TASK BRIEF - Copy, exactly as written, the lines that begin at the one containing "Rohan 48 inch" and end at the one containing "コロナ対策のため、机はそのまま全員前を向いて、静かに食べています。". Skip any pictures in the data below.

Records from a data source:
********

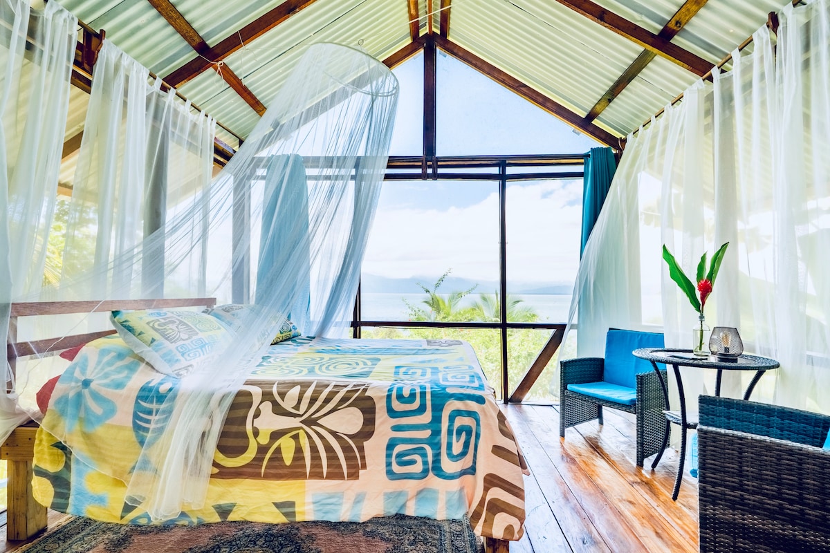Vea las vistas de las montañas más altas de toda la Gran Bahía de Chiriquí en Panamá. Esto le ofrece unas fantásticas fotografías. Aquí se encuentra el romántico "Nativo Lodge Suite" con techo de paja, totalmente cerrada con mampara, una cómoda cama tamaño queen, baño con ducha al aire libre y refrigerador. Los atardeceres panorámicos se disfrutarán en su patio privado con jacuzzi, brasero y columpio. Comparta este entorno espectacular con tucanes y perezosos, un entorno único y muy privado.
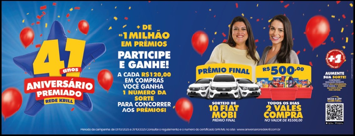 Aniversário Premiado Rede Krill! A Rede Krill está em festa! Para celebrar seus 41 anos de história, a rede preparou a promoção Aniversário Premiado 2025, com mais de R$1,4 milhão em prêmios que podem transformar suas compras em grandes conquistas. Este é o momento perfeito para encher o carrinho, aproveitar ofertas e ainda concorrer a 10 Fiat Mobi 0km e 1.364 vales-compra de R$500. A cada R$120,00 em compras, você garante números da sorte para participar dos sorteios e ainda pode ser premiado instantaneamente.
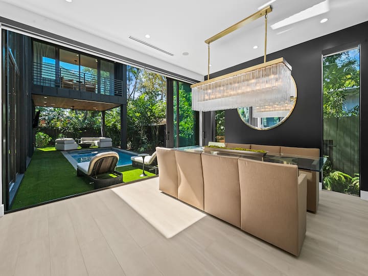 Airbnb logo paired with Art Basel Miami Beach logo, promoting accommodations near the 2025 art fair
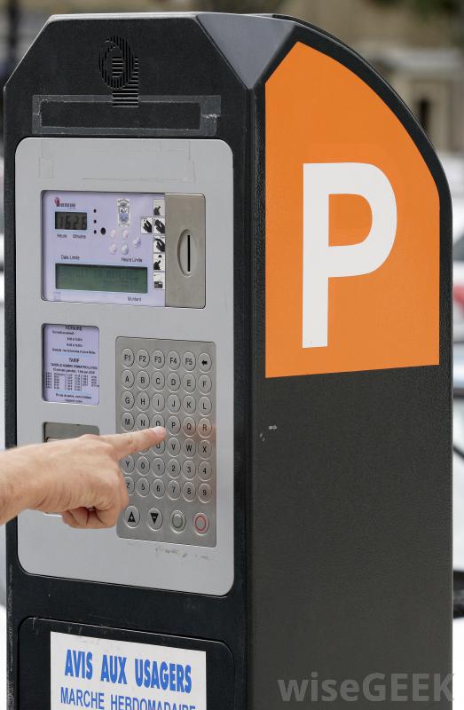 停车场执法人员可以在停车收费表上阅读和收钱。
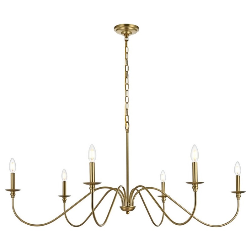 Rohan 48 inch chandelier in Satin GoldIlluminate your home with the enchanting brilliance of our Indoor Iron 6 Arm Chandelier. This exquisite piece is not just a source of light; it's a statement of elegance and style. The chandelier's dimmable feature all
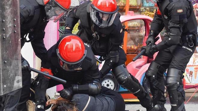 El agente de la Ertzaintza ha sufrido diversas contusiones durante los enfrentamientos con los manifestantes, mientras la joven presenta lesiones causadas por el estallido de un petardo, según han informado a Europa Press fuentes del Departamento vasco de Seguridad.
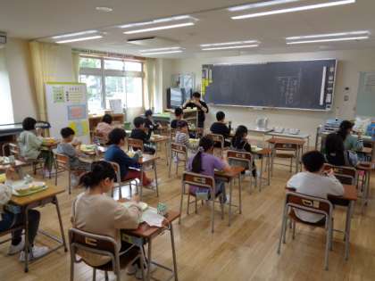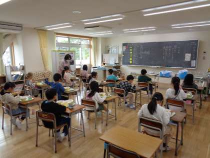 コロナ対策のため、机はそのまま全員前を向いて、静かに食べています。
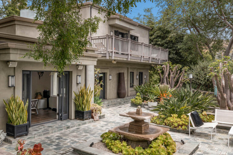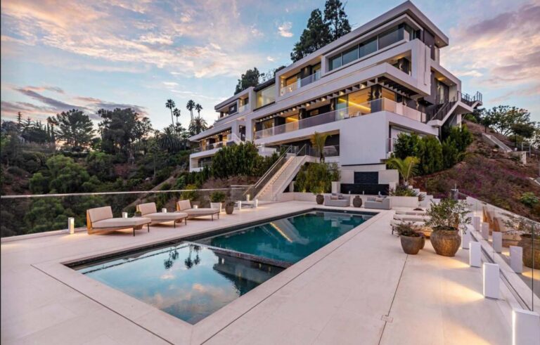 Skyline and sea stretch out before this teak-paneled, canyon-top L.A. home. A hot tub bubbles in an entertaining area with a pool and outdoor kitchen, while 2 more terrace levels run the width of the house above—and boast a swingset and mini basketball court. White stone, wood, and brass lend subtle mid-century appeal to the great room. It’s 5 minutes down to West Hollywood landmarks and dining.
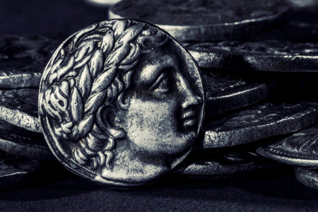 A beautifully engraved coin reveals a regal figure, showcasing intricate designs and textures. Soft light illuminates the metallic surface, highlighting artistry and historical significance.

********

ANSWER SPACE -
 Rohan 48 inch chandelier in Satin GoldIlluminate your home with the enchanting brilliance of our Indoor Iron 6 Arm Chandelier. This exquisite piece is not just a source of light; it's a statement of elegance and style. The chandelier's dimmable feature all
 El agente de la Ertzaintza ha sufrido diversas contusiones durante los enfrentamientos con los manifestantes, mientras la joven presenta lesiones causadas por el estallido de un petardo, según han informado a Europa Press fuentes del Departamento vasco de Seguridad.
 コロナ対策のため、机はそのまま全員前を向いて、静かに食べています。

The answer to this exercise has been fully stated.